Медсестра дала карандаш, но из-за выбитого пальца я не мог писать правой рукой. Но теперь ничто не могло вывести меня из равновесия. Я разыгрывал ситуацию холодно и точно, как шахматную партию. Меня могут взять только на случайностях, поэтому нужно исключить случайности, даже самые маловероятные.

Я присел на тумбочку и накалякал несколько слов левой рукой. Сестра разобралась.

– Выйдем? – предложила она.

– Положение скорее плохо, чем хорошо. Ближе к критическому. Сепсис, температура под тридцать девять и ничем не сбивается. Конечно, мы колем антибиотики, но результата пока нет. Эта ночь может оказаться критической.

Я сделал пальцами жест, обозначающий деньги.

– Деньги? Нет, только на лекарства. Хотя и это немало.

Я дал ей двадцать долларов и попросил ее звонить мне каждый час и сообщать новости. Звонить даже тогда, когда не будет никаких новостей.

32

Собака погрызла Борю после того, как он посадил ее на цепь. До этого Дина была само послушание. Боря в свое время закончил техникум, пытался заниматься спортом, собирался в институт. Потом бросил все и поселился в деревне.

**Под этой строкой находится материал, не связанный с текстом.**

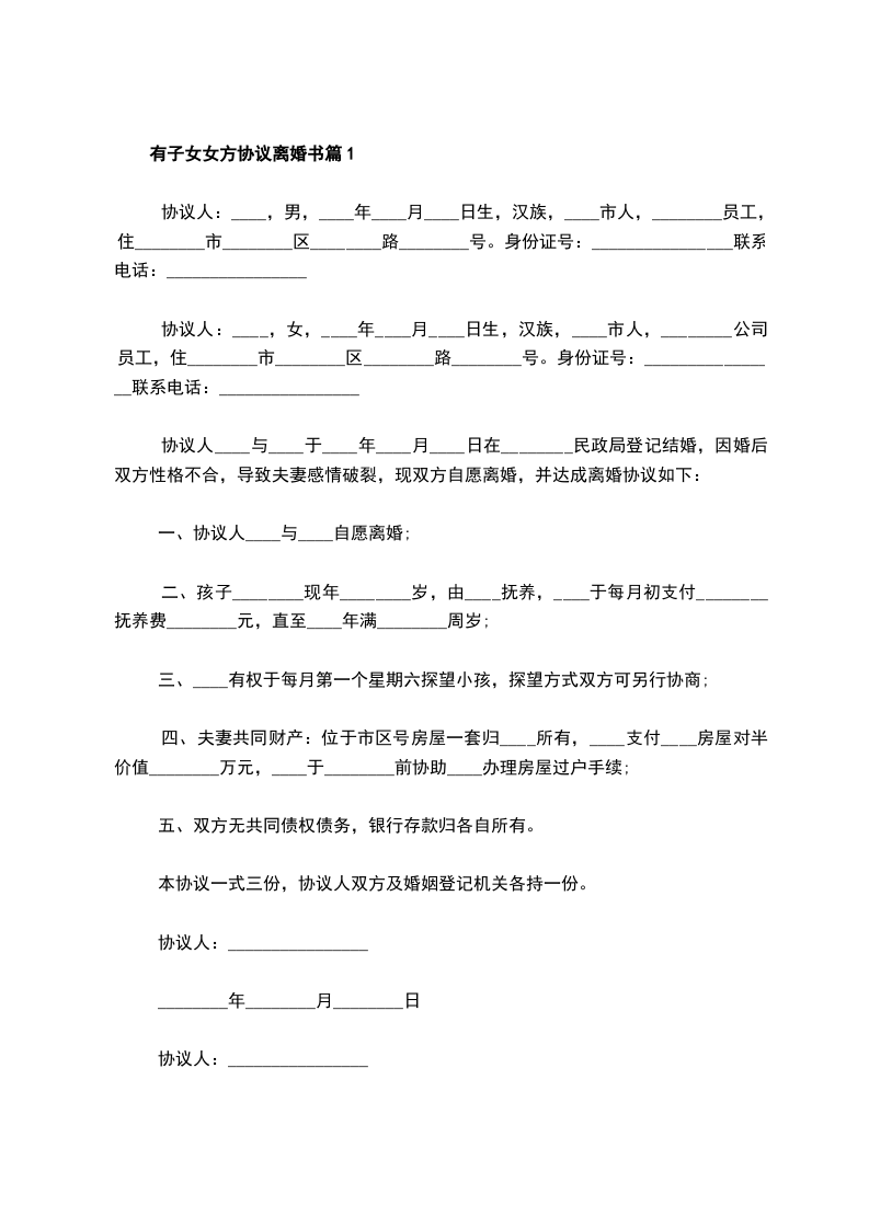 五、本协议一式三份,男女双方各持一份,存婚姻登记档案一份。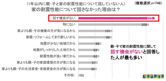 - 家屋の耐震性に関して、1年以内に親子で話をしていない理由として最も多いのは「話す機会がない」こと。続いて「特に理由はない」「家屋の耐震性よりも健康が気になる」が続いた。話すきっかけとしては「災害に関する報道を見た」「心配だから」の順で多く選択されている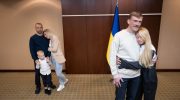 Так, до звільнених захисників України приїхали глава ОП Андрій Єрмак та перша леді України Олена Зеленська.
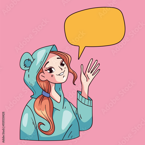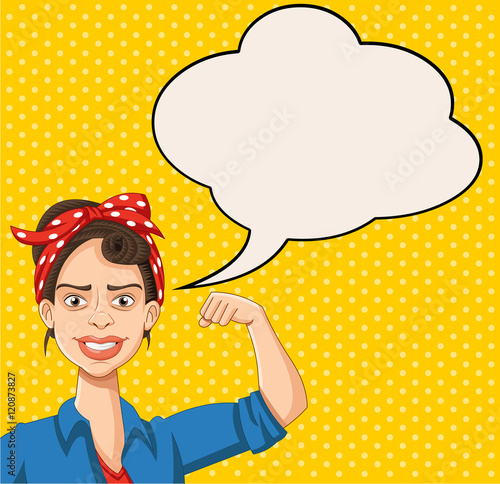 Векторная иллюстрация красивой женщины, указывающей пальцем, речевой пузырь. Молодая девушка жестикулирует в стиле комиксов ретро-поп-арта.
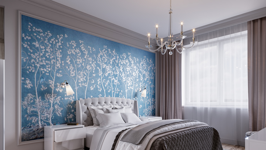 Niebieska Tapeta W Sypialni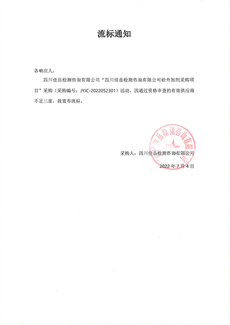 四川佳岳檢測(cè)咨詢有限公司砼外加劑采購(gòu)項(xiàng)目流標(biāo)通知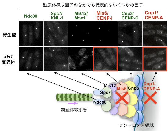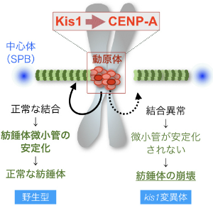 Kis1を含むMis18複合体の働きによりCENP-Aを含むヌクレオソームがセントロメア領域に局在化でき、その結果、動原体と微小管の結合が促進される。結合が起きると微小管の安定化が起きるが、kis1変異体などでこの結合に異常が生じると微小管は安定化されない。そのためkis1変異体では紡錘体が崩壊したと考えられる。
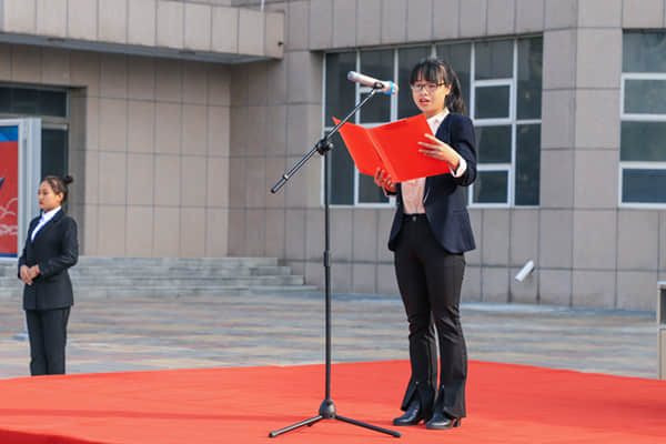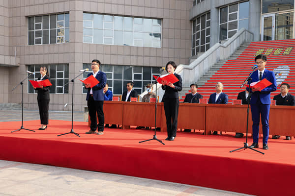 大会在庄严的升国旗仪式中拉开序幕。伴随着雄壮的《义勇军进行曲》响起,鲜艳的五星红旗冉冉升至杆顶,全体人员面向国旗行注目礼,肃立致敬。

Брошенный дом там достался ему почти даром. Разведение свиней занимало все его время. Он опустился, потучнел, зарос жидкой бородой, стал пить, а подвыпивши веселел и дурачился. Свиньи почти не приносили ему дохода, едва хватало на пропитание. Вот такая загубленная жизнь. Дину он посадил на цепь и заставил сторожить сарай. Но собака не дала ему удалиться: она цапнула его своей огромной пастью и раздробила при этом бедренную кость. Она могла бы сразу загрызть бедного свинопаса, но не сделала этого. Она просто не давала ему отползти. Боря истекал кровью и кричал, но никто не пришел на помощь – в деревне его не любили. Наконец, он додумался и отстегнул цепь. Дина сиганула через забор и больше ее не видели. Неподалеку был лес, полный зайцев и недавно завезенных косуль. Мне кажется, Дина знала, что делала.

Я дождался звонка медсестры. Новостей не было. Температура тридцать девять и один. Был позыв на рвоту. Сознание ясное. Медикаменты не помогают.

Я попытался включить свою систему спасения, но компьютер завис. Я пару раз перезагрузился и попробовал найти нужные файлы. Файлов не было и в помине. Я вышел в Нортон и посмотрел. Там где раньше были мои файлы, теперь висел наглый значок в виде улыбающейся рожицы. Тогда я решил идти в ноль-мир без страховки.

Она уже ждала меня; сейчас она была в длинном зеленом платье с блестками; сейчас она стояла в кругу свечей и снова спиной ко мне.

– А я могла бы не прийти, – снова тот же глубокий и нежный голос.

– Не могла.

В ее волосах была настоящая живая роза; глубокий вырез на спине, широкие рукава; шарм истинной женщины; этого не заменит и тысяча модно обтянутых задниц.

Задницы привлекают простотой, а платье до пола – сложностью. Это завораживает.

– Ты обворожительна. Почему снова спиной? Притворяешься богом?

О, что-что, а библию она знала. Она не могла не понять мой намек.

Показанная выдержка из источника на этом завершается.